Is the StructTreeRoot an "element of the logical structure" and can have an associated file in PDF/A-3a?
The attached PDF 1.7 file claims to be an A-3a file, and contains four associated files. Two of them are referenced from a Formula StructElem
/Type /StructElem AF [11 0 R 20 0 R] /S /Formula ....
The other two are referenced from the StructTreeRoot:
/Type /StructTreeRoot /AF [33 0 R 35 0 R]
The AF are placed there, as deriving to html suggest this for code which should go into the head of the html:
The structure tree root element may have one or more associated files specified via an AF entry. These AF entries shall be processed to build the head element of the HTML output (see 4.6, "Associated file processing").

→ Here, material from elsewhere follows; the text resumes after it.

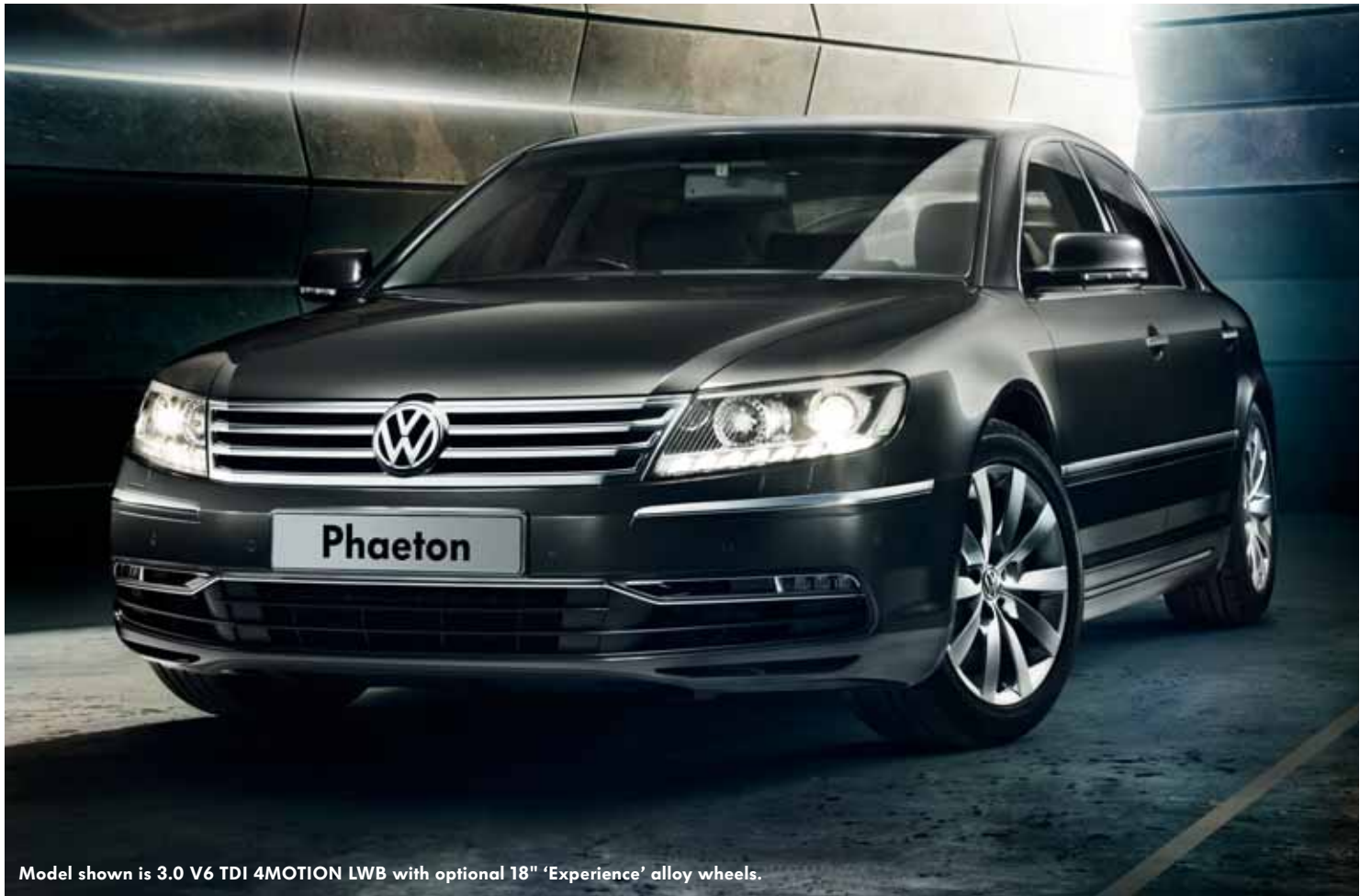
Model shown is 3.0 V6 TDI 4MOTION LWB with optional 18" 'Experience' alloy wheels.

Validation with verapdf fails on the later ones with a reference to
Specification: ISO 19005-3:2012, Clause: 6.8, Test number: 4 The additional information provided for associated files as well as the usage requirements for associated files indicate the relationship between > the embedded file and the PDF document or the part of the PDF document with which it is associated
The relevant rule lists as one candidate for AF
Structure element dictionary, if the file is associated with any element in the document's logical structure
It is not clear if "any element" includes the StructTreeRoot or not.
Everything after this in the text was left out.